Hi to all.
I am exploring the option of using barman for my company's backup operations. Currently we use a simple rsync method. We rsync the archives folder to the backup server every 20 minutes and the PGDATA folder once every night (delta only). I find barman's cli and general usage much less error prone than this and also much more convenient for restoring purposes, but i am facing two issues and i hope you can help me:
A) The base backups are larger in size than the actual cluster! This is confirmed both by file system commands and by sql commands. The "du" command for the base backup folder and the PGDATA folder of the server shows the following differences:
backup size
[barman@mdvmsrv139 base]$ du -sk 20170103T135236
16409412 20170103T135236
PGDATA size
[enterprisedb@mdvmsrv518 ]$ du -sk /pgdata/data
10813016 /pgdata/data
Barman's show-backup command lists the backup as 15,6 GB in size, while an sql command on the cluster returns actual size of 8,5 GB.

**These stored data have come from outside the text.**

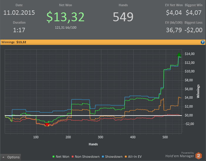 П.С. Сегодня краем глаза увидел Призрачный Ап - мои короли с префлопа увидели тузов и успешно грохнули их. Стэки были огромные, и мой олень в ответ на 4бет был ошибкой (это стало ясно после изучения статов оппа), но я выиграл. Не люблю я переезжать, но мои карманные короли столько раз видели тузов и гибли под ними, что эта победа уже "имеет место быть" :-)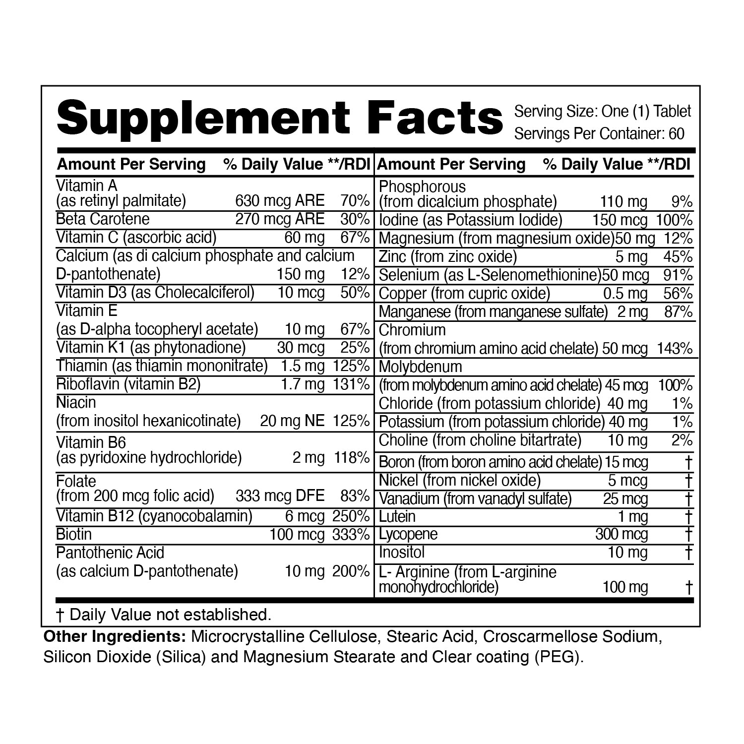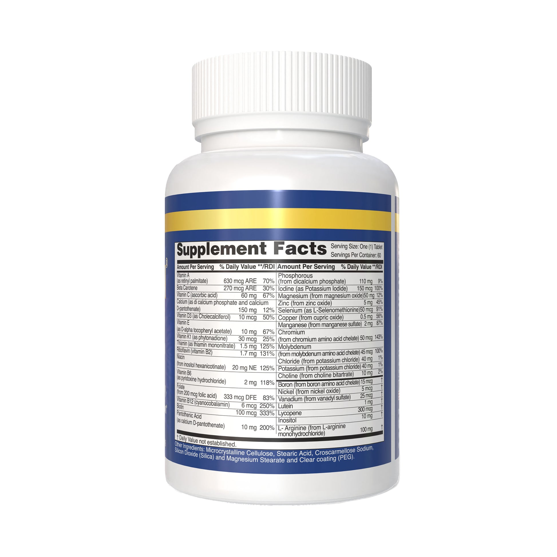 A multivitamin for men 50 plus containing all essential vitamins and minerals that help to support healthy heart, vitality, metabolism & memory function.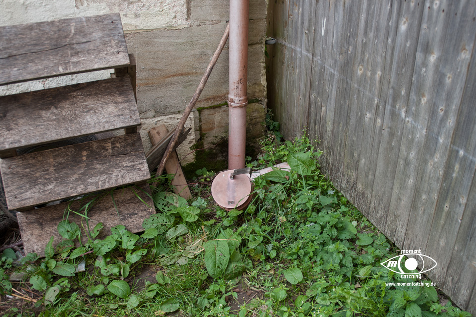 - Die Fäkalienentsorgung ist etwas abenteuerlich, sie befindet sich an einer Durchfahrt zwischen zwei Scheunen. Sie soll auch für Grauwasser genutzt werden, was aber nur mit Eimer oder mit einer Schüssel geht. Wasser zum Spülen gibt es an einem Wirtschaftsgebäude.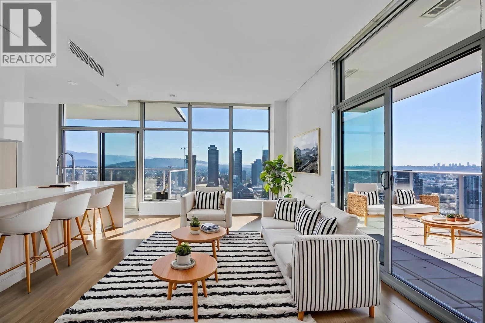 Welcome to Triomphe! Experience breathtaking 260-degree views of the water, city, and mountains from this stunning penthouse offering 2 bed +den & 2 bath.Delight in the expansive 468 sqft of balcony space, perfect for entertaining against a backdrop of picturesque scenery.This exquisite residence boasts 9'3" ceilings & floor-to-ceiling windows that create an airy ambiance. The chef´s kitchen features a breakfast bar & stainless steel Bosch appliances. Both bedrooms enjoy spectacular views with access to the balcony, while the master suite includes a luxurious 5 piece ensuite equipped with his & her sinks and a relaxing soaker tub.Take advantage of exceptional amenities, including a 13,000 square ft outdoor pool,hot tub, fitness center, yoga room,.. Plus, 2 large side by side Parking & Storage. (id:27476)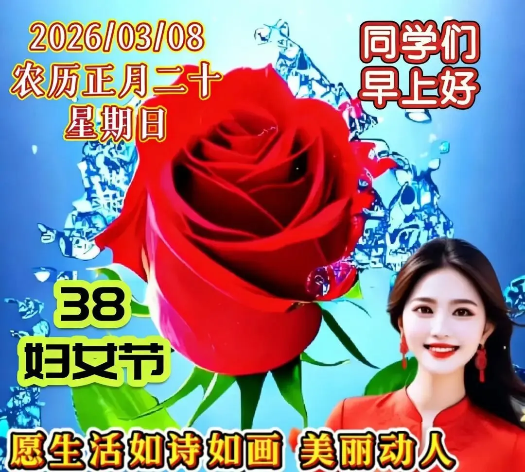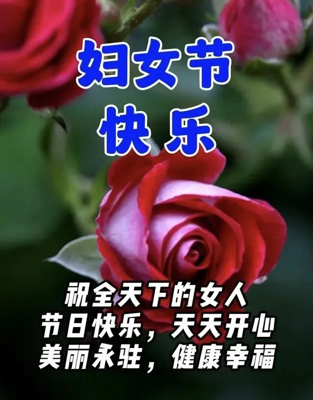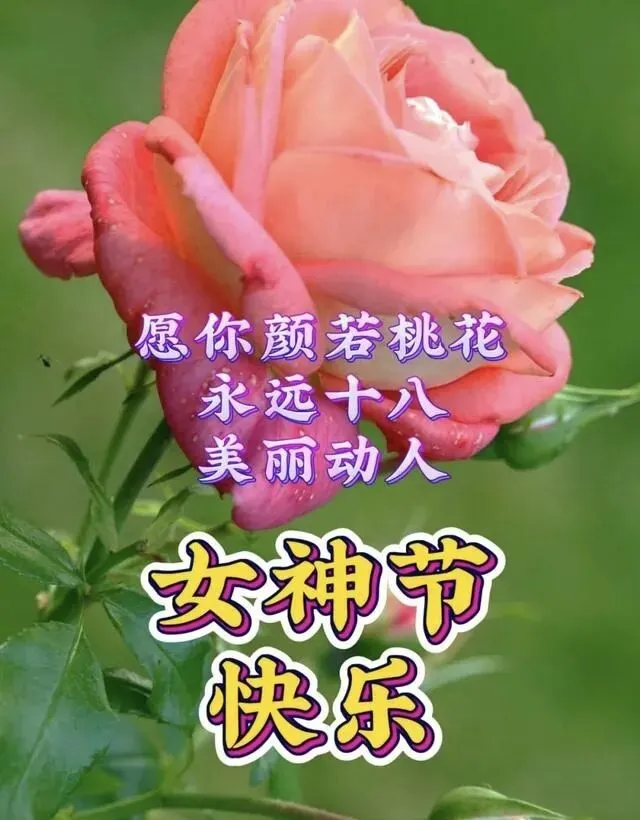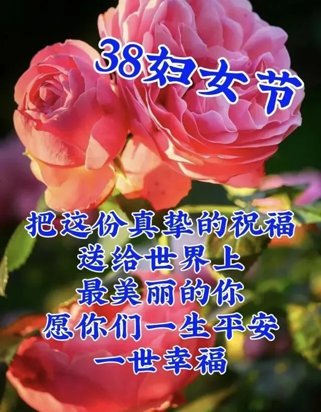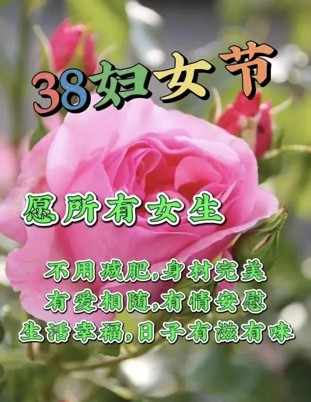 每年三八节,祝身边所有女同胞——健康常驻,爱情入蜜,家庭欢乐,金钱不缺,工作步步高。愿美丽和好运一直做你的跟班。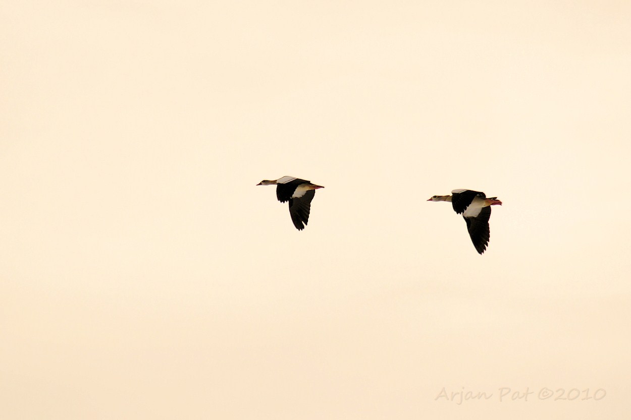nijlganzen vlogen voorbij op het moment, dat de zon zich achter de wolken wou gaan verschuilen. De wolken weerkaatsten het zonlicht in diverse geeloranje kleuren.

I am sensing that this has something to do with our company's setup (created long before i was here). We put our users tablespaces inside the PGDATA directory, which is not postgres's default.Then we create a symbolic link named "data" inside the default data directory pointing to our custom data dir and we do not set "data_directory" parameter at all inside postgresql.conf. I think the above setup "confuses" barman with the results of rsyncing the same files twice. If i "ls " in the base backup folder (20170103T135236) i see a folder named "data" and then one extra folder for each tablespace of the cluster. The folder named "data" is 8.5 GB, exactly the size of the cluster.
The weird part is that the backup is absolutely restorable and the resulting cluster is only 8.5 GB!! Am i missing something here? Is this normal? I admit that i am fairly new to postgresql!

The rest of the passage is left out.